TASK TO COMPLETE:
Pick out all lines in the listing holding the string "that" and copy them.

EXTRACTED DATA:
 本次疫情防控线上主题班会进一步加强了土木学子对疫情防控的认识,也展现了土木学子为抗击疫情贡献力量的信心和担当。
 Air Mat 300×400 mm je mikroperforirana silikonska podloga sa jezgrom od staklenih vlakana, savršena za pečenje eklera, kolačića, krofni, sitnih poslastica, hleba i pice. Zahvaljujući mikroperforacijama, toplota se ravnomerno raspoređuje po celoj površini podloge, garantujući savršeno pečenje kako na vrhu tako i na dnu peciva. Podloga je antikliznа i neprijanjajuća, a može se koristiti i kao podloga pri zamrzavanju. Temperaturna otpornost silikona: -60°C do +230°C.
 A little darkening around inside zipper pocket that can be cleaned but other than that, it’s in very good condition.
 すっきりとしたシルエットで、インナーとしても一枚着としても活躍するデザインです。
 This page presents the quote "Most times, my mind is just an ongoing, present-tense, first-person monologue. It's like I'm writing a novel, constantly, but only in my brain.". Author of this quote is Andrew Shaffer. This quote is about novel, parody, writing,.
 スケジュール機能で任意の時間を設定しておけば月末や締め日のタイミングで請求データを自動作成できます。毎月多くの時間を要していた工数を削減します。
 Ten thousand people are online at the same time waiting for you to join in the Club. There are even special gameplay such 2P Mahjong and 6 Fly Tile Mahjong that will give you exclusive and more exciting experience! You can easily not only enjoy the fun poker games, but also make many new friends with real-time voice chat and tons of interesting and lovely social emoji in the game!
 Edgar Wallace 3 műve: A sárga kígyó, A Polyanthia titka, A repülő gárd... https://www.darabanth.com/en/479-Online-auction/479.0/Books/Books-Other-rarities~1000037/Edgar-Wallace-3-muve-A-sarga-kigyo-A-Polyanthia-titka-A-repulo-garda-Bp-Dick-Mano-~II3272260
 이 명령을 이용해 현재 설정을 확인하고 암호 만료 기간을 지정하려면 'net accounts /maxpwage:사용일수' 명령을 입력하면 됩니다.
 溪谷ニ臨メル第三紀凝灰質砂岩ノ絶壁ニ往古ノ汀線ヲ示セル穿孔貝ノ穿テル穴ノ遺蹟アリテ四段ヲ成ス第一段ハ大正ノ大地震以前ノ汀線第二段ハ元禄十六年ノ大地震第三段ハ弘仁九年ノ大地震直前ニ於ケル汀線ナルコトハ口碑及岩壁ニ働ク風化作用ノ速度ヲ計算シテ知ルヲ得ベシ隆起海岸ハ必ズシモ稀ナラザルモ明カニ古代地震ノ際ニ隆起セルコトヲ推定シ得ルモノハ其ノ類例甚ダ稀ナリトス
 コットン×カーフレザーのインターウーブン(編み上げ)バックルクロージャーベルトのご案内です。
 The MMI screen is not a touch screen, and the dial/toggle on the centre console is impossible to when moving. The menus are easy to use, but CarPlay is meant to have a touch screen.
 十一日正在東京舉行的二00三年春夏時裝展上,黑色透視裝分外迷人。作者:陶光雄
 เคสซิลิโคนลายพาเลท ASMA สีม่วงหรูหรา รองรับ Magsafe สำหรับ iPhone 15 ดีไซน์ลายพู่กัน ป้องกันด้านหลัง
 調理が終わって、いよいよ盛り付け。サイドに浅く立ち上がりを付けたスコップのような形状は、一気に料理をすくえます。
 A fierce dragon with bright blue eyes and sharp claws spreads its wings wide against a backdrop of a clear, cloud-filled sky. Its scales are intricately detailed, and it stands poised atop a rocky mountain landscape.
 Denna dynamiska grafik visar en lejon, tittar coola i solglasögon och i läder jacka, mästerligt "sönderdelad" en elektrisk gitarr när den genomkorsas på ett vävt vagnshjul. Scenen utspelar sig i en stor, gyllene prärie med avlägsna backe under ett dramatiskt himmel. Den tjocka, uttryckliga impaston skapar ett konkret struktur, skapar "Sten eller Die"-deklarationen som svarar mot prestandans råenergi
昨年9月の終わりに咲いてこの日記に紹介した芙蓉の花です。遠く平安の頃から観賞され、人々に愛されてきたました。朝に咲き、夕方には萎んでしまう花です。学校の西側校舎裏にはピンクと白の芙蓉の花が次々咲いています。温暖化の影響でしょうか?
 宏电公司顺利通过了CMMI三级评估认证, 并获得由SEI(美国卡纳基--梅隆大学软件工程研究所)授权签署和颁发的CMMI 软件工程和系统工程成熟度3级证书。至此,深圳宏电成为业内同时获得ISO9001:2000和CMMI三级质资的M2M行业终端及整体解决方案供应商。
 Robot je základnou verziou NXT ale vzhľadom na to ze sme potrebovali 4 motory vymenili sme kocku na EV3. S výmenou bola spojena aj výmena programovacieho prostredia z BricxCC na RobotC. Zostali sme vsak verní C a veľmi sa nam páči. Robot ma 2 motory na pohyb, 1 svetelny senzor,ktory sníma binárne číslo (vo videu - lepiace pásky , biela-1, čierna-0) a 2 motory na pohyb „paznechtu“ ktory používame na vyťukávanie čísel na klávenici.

YOUR SOLUTION:
 A little darkening around inside zipper pocket that can be cleaned but other than that, it’s in very good condition.
 Ten thousand people are online at the same time waiting for you to join in the Club. There are even special gameplay such 2P Mahjong and 6 Fly Tile Mahjong that will give you exclusive and more exciting experience! You can easily not only enjoy the fun poker games, but also make many new friends with real-time voice chat and tons of interesting and lovely social emoji in the game!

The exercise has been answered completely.